The series of colon mucosa biopsies, data set B, included biopsies without abnormalities, labelled as normal, and biopsies with inflammatory lesions, hyperplastic polyps, adenomatous and villous polyps and malignant lesions, labelled as abnormal. Images were labelled as abnormal if showing one or several of the following histological features:

• Presence of aberrant glands: distortion of the glands (dilatation, branching), presence of villous structures or both

• Differentiation abnormalities of the epithelial lining: (decreased numbers or absence of goblet cells, cellular atypia)

• Increased number of inflammatory cells

Because of the limited number of images we choose to use a pre-trained convolutional neural network[1] to extract features[2] of the images. We used the VGG16 model[3] with weights pre-trained on ImageNet data set[4] with the default input size for this model 224x224x3 (image height, image width, colour channels). We used RGB colour channels and did not convert to grayscale.

• The extracted features were fed to different models classifying the images into 2 categories: abnormal or normal.

• Using all the images at different magnifications did not lead to acceptable accuracy on the training set. Neither did training the models on the images at low magnifications (1x, 2x, 5x). Therefore these images were omitted from the data sets. The remaining data sets comprised images at magnification 10x and 20x. As such data set A contained 20 abnormal and 31 normal gastric mucosa images. Data set B contained 73 abnormal and 19 normal images of colon mucosa. To avoid information loss due to downsizing the images, the images were split into 6 tiles. This resulted for data set A, gastric mucosa, in 116 abnormal tiles and 185 normal tiles.
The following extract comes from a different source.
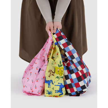 The best selling reusable bag is not just for the grocery store, it goes everywhere and hauls (practically) anything. Carry in your hand or over your shoulder. Holds 2-3 plastic grocery bags worth of stuff. Folds into a flat 5 in. x 5 in. pouch. Holds 50 lbs.

• In data set B we checked each tile. Some tiles, belonging to an image labelled abnormal, didn’t show any characteristics of abnormal tissue and were relabelled as normal. Some blank tiles were removed from the data sets as well as tiles more than 90% blank. This resulted for data set B, colon mucosa, in 407 abnormal tiles and 134 normal tiles. Both data sets were split into a train set (80%) and a test set (20%).

To train the different models each train set was enlarged 5 times with data augmentation: rotation, horizontal and vertical shift, zoom and flip. We choose these data augmentations because the models have to recognise patterns which are translation insensitive. The resulting ‘empty’ sections were filled with constant mode (background colour) and with ‘reflect mode’. Using ‘reflect’ mode resulted in slightly better performance on the train set. Because of the complexity of the patterns to be recognised, we decided to also extract features using the ResNet50 model, pre-trained on ImageNet. The ResNet50 model is a deeper network resulting in higher-dimensional features than the VGG16 features. We used data set B to make the comparison. The ResNet50 features were fed to the SVM classifier and resulted in a slight improvement: 91,7% accuracy on the training set and 94,9% on the test set.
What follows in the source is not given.